There are other projects as well, past and present, but Heppenstall says the benchmark is always the same. “We don’t invest in a company or do anything with a company unless somebody at UPMC — outside of UPMC Enterprises — either on the provider side or the health insurance side, thinks this is a great product that we can really add to. Our number one criterion is UPMC as a customer.”
Keep the ideas coming
Children’s Hospital of Philadelphia is also pushing the business model, looking at everything from devices that go on a child’s pinky to implantables that remain in the body throughout one’s life.

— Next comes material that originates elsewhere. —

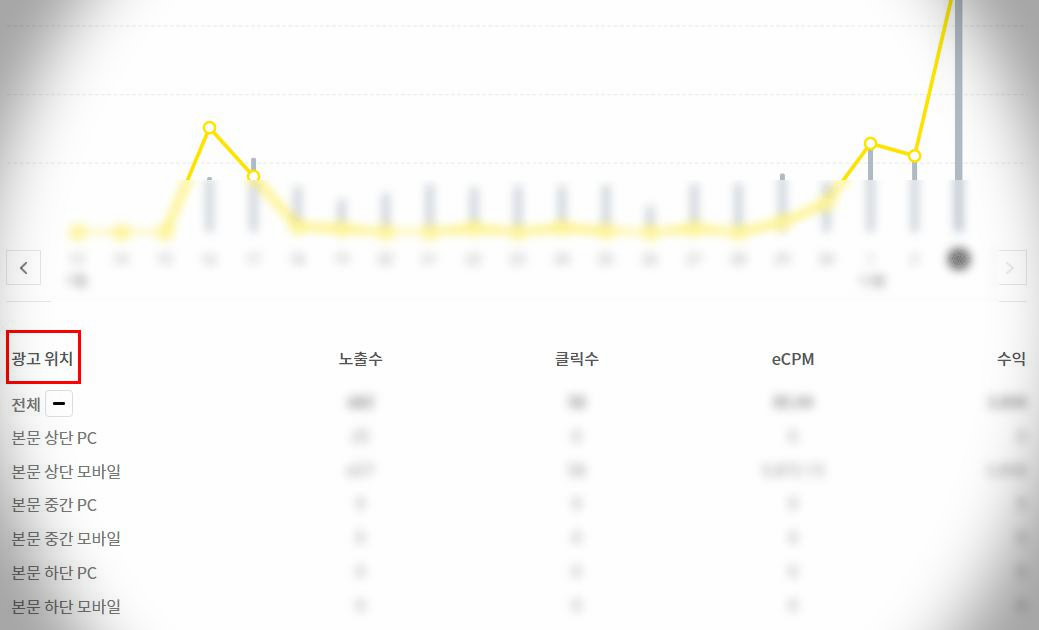 수익그래프는 [광고 위치]에 따른 노출수, 클릭수와 eCPM등의 수익을 구분해서 보여줍니다. CPM이 단순한 계산((Cost/impressions)*1000)인데 비해 eCPM은 ( (Total Ad SpendTotal Mesured Ad/ Impressions)*1000)이라고 합니다. 아직 정확한 개념은 모르겠으나 더 정밀한 측정치인 것 같아요.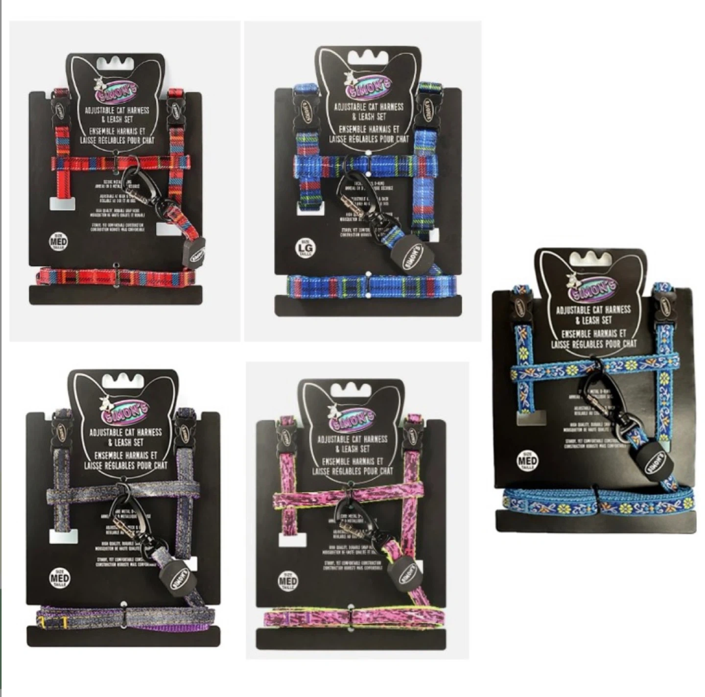 This set includes an adjustable cat harness and a matching leash. Various sizes and colourful plaid and floral patterns are available. It's designed for a secure and comfortable fit for your feline friend. The harness features adjustable straps for a customizable fit.

Currently, the health system has about 50 projects running concurrently, says Patrick Fitzgerald, vice president for entrepreneurship and innovation at CHOP.
“I think one of the downfalls of other institutions in the innovation zone is that they only focus on one specific area. What I like about what we’re doing is we are looking at devices, we are looking at software, at therapies. We don’t want to limit ourselves.”

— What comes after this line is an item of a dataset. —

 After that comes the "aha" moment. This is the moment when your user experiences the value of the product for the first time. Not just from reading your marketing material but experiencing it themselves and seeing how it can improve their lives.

About two years ago, CHOP translated 20 years of gene therapy research into an integrate platform to treat rare diseases where no therapies exist. The result, a standalone company called Spark Therapeutics, went public last December and has since recently, with Pfizer, announced receipt of breakthrough therapy designation from the Food and Drug Administration for a treatment for hemophilia B. While not every idea will turn into a Spark Therapeutics, Fitzgerald believes there are many opportunities for either standalone companies or attractive licensing assets.
Not every idea has to have a direct impact on healthcare, either. CHOP took two decades worth of research on safe driving by pediatrician Flaura Winston, director of CHOP’s Center for Injury Research and Prevention, and spun it out into a standalone company that partners with small and medium-size businesses to diagnose and coach drivers.
CHOP’s focus, with entrepreneurship, is three-pronged: Create a culture that encourages ideas and innovation; make CHOP’s vast repository of knowledge and experience available to other hospitals and customers beyond the health system; and look for internal solutions that can be translated into new service offerings for CHOP patients. Fitzgerald cites, for example, a recently developed dermatology app that allows patients and families quick access to a pediatric dermatologist without having to drive to the facility.
Weigh risks vs. rewards of investment
Entrepreneurship is not just happening at academic medical centers. “I have seen this kind of entrepreneurship most often in small and critical care access hospitals looking to diversify their services, given the limited growth potential in their markets from their core services,” says Adam Higman, vice president of Soyring Consulting.
“IT products are common, whether that is an affiliation program for EMR affordability, data warehousing or locally developed software systems that deal with things like population health,” he tells Healthcare Dive. But he’s also seen success with support services that have a broader reach than just a local facility, such as food service, supply chain, laundry and linens and billing/collection solutions. And there are ventures in outpatient services like wound care, infusion therapy and home health, he notes.
When asked to do a feasibility analysis or evaluate a potential venture outside a hospital’s core business, Higman says his biggest advice is “to be honest about organizational capabilities and do the homework to weigh the risk/reward on the investment.”
Organizations need to assess whether they have the technical skills and leadership expertise to successfully pull off a venture and, if not, to build those resources in-house, partner with someone already in the space or engage a consultant to help set up the initial program, he says. In determining risk, the question isn’t just loss versus gain in revenue, but understanding how the investment will impact other priorities the hospital has, such as patient care.